The modern-day marathon is based on the story of a Greek messenger, Pheidippides. According to legend, in 490 bc he ran approximately twenty-five miles (forty kilometers) from Marathon to Athens to announce the Greeks’ victory against their formidable foe, the invading Persians. Today, people run marathons for the personal satisfaction of an athletic achievement, but Pheidippides had a greater purpose behind his effort: each of his steps was run for the sheer joy of delivering good news to his kinsmen!

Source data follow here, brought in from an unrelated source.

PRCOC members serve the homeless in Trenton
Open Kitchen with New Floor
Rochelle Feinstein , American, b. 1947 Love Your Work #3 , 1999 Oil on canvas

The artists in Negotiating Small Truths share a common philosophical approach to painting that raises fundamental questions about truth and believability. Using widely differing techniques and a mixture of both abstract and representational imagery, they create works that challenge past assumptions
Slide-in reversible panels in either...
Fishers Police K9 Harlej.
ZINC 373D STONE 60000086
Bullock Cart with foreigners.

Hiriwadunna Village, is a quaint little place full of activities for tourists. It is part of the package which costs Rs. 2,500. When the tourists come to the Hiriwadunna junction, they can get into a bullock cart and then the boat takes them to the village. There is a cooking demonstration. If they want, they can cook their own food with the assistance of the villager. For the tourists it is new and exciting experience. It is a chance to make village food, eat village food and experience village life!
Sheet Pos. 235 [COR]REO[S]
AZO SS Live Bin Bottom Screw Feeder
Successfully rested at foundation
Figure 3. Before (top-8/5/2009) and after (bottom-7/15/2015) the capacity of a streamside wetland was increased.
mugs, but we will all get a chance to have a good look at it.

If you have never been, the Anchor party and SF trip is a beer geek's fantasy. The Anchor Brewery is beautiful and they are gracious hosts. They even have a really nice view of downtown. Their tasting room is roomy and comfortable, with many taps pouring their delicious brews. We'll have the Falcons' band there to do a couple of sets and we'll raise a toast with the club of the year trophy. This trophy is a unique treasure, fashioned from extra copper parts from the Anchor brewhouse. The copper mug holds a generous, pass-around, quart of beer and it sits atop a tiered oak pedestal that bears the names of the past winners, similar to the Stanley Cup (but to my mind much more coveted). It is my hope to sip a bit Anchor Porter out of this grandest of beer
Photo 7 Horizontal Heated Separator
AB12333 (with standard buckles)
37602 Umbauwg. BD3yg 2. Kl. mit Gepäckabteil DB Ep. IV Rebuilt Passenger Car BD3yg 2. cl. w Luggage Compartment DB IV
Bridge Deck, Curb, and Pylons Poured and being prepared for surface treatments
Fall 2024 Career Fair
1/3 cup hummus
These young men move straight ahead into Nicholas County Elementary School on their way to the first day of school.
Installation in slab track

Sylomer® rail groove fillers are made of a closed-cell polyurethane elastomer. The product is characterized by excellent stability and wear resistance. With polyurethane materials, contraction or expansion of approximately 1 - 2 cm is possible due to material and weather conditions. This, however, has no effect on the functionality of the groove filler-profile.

Some five hundred years later, two women also ran to deliver good news—the most pivotal news in all of history. When Mary and Mary Magdalene arrived at the tomb where Jesus had been placed after His crucifixion, they found it empty. An angel told them that Jesus had “risen from the dead” and to “go quickly and tell his disciples” (Matthew 28:7). The women, “afraid yet filled with joy,” ran to tell the disciples what they’d discovered (v. 8).

May we have the same joyful exuberance at the resurrection of Jesus, and may it invigorate us to share the good news with others. We may not even need to “run” farther than next door to find someone who needs to know about our Savior. He won the battle against death so we might live victoriously with Him forever!